Start of Block

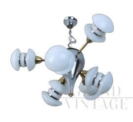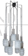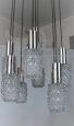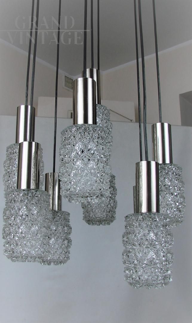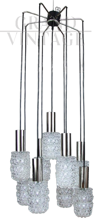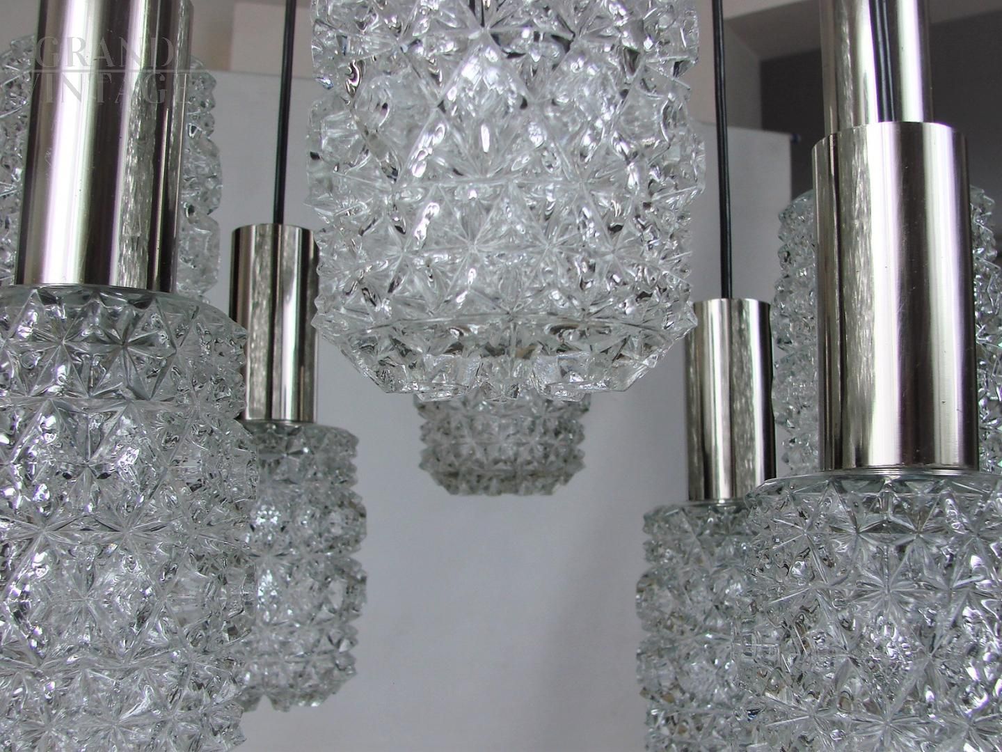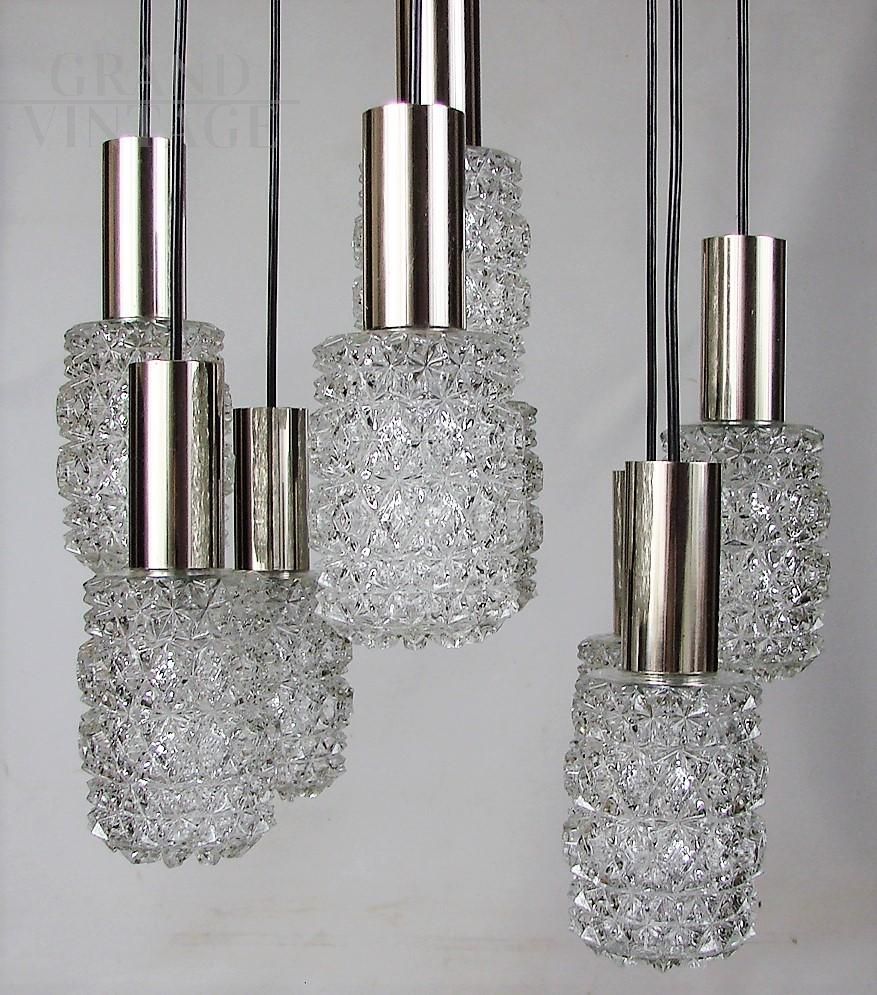 Lampadario a cascata modello 421 di Bauhamp Leuchten Neheim, con struttura in acciaio cromato e luci in vetro effetto rostrato. Il lampadario richiede 9 lampadine E14.
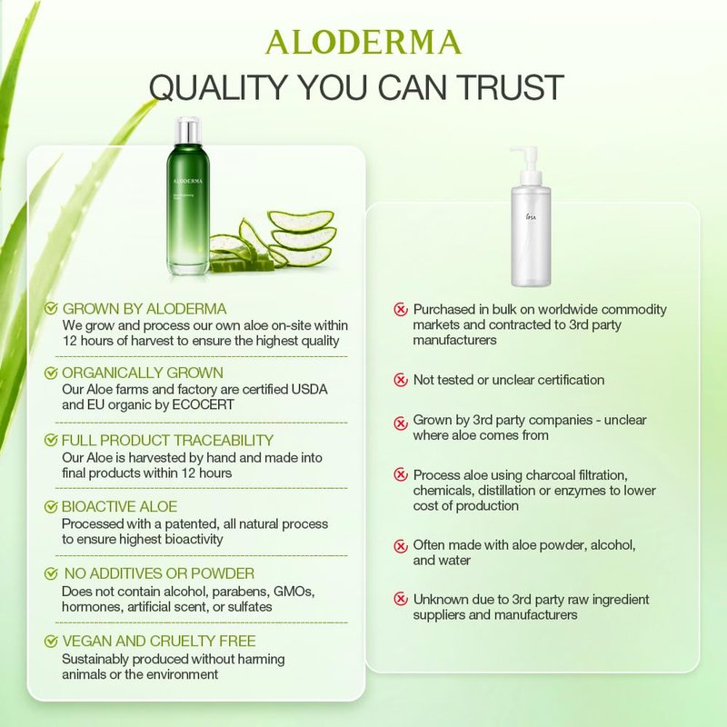 - ALODERMA: We are a family run farm-to-face skin care line focused on producing and creating high-quality organic aloe vera-based products in an ecologically friendly way. We grow organic aloe vera on our own farms and manufacture all of our products in our factory, which are certified USDA and European Union organic by ECOCERT. Aloderma has over 20 years of working with Aloe providing high quality and affordable products for beauty, health and wellness.
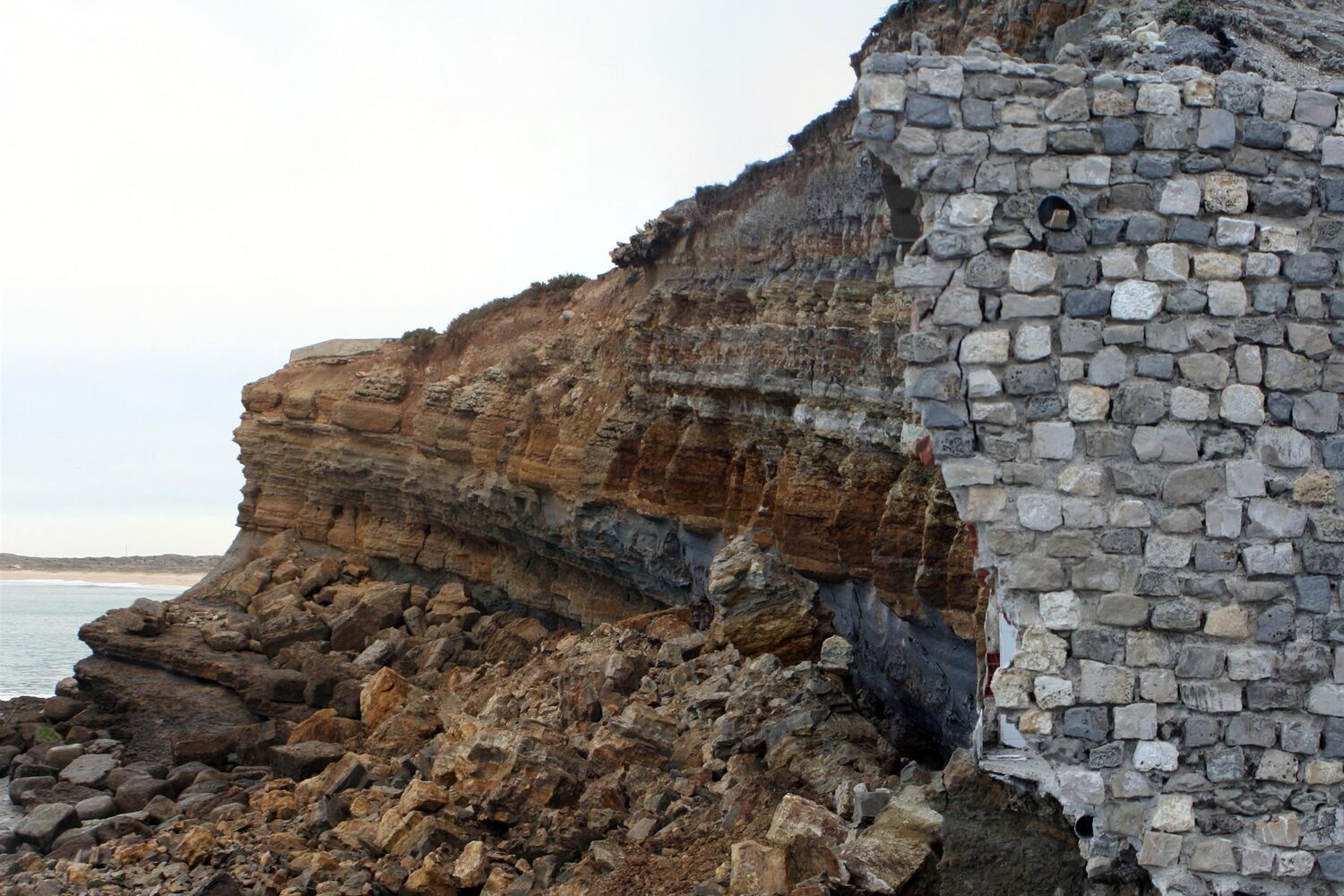 Recentemente, parte da falésia e da muralha da Fortaleza da Consolação, em Peniche, ruíram.

End of Block

WHAT THE TASK ASKS — The required answer is the material repeated exactly, with no images in it.

SOLUTION TO THIS PROBLEM —
 Lampadario a cascata modello 421 di Bauhamp Leuchten Neheim, con struttura in acciaio cromato e luci in vetro effetto rostrato. Il lampadario richiede 9 lampadine E14.
 - ALODERMA: We are a family run farm-to-face skin care line focused on producing and creating high-quality organic aloe vera-based products in an ecologically friendly way. We grow organic aloe vera on our own farms and manufacture all of our products in our factory, which are certified USDA and European Union organic by ECOCERT. Aloderma has over 20 years of working with Aloe providing high quality and affordable products for beauty, health and wellness.
 Recentemente, parte da falésia e da muralha da Fortaleza da Consolação, em Peniche, ruíram.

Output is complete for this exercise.